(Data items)
■ ■ ■ ■ ■

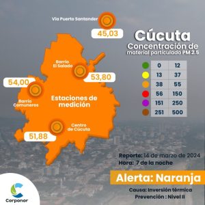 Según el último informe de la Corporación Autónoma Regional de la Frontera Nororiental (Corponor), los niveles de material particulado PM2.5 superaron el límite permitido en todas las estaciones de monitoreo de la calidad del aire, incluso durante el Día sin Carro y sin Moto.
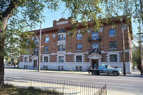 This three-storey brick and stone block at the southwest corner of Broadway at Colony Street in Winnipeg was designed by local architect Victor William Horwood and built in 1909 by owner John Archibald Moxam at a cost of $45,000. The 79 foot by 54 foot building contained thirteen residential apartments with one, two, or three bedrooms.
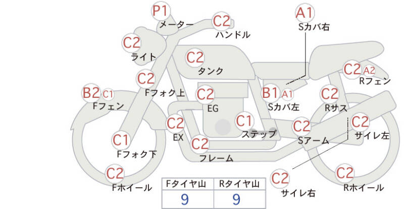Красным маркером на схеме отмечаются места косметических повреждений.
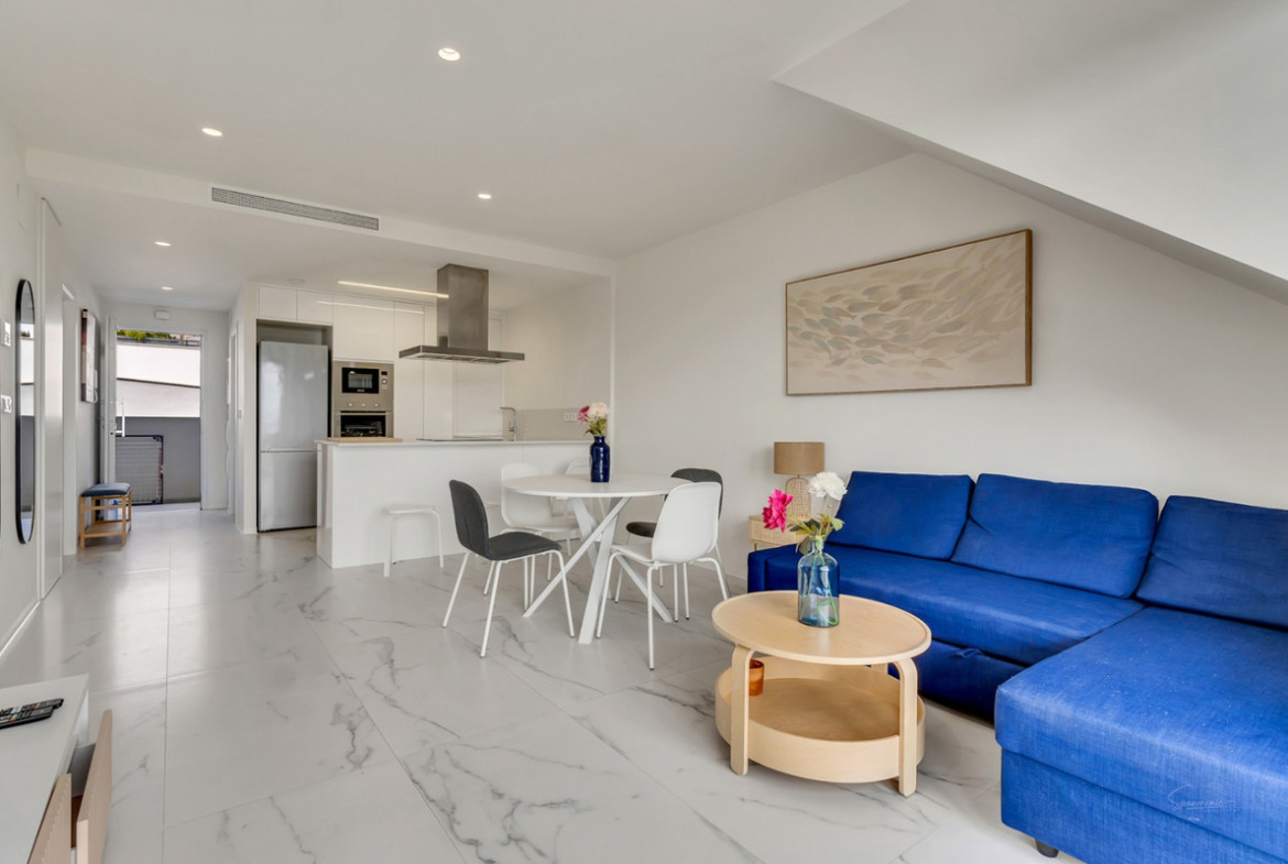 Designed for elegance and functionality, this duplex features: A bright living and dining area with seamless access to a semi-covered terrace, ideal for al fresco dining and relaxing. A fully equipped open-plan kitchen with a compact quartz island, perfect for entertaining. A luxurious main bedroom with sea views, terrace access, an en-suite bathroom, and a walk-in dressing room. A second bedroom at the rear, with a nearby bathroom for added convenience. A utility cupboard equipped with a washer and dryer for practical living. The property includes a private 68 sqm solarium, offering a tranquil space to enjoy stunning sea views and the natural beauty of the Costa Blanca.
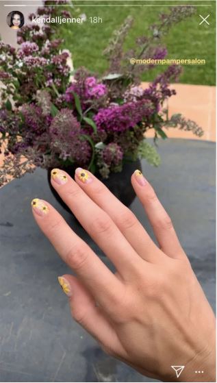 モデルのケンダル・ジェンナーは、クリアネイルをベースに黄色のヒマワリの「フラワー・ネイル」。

■ ■ ■ ■ ■

Required action:
Starting at the line that holds "Красным маркером на", retype every line through the end of the data, both ends included. Pictures stay out of the copy.

The answer:
Красным маркером на схеме отмечаются места косметических повреждений.
 Designed for elegance and functionality, this duplex features: A bright living and dining area with seamless access to a semi-covered terrace, ideal for al fresco dining and relaxing. A fully equipped open-plan kitchen with a compact quartz island, perfect for entertaining. A luxurious main bedroom with sea views, terrace access, an en-suite bathroom, and a walk-in dressing room. A second bedroom at the rear, with a nearby bathroom for added convenience. A utility cupboard equipped with a washer and dryer for practical living. The property includes a private 68 sqm solarium, offering a tranquil space to enjoy stunning sea views and the natural beauty of the Costa Blanca.
 モデルのケンダル・ジェンナーは、クリアネイルをベースに黄色のヒマワリの「フラワー・ネイル」。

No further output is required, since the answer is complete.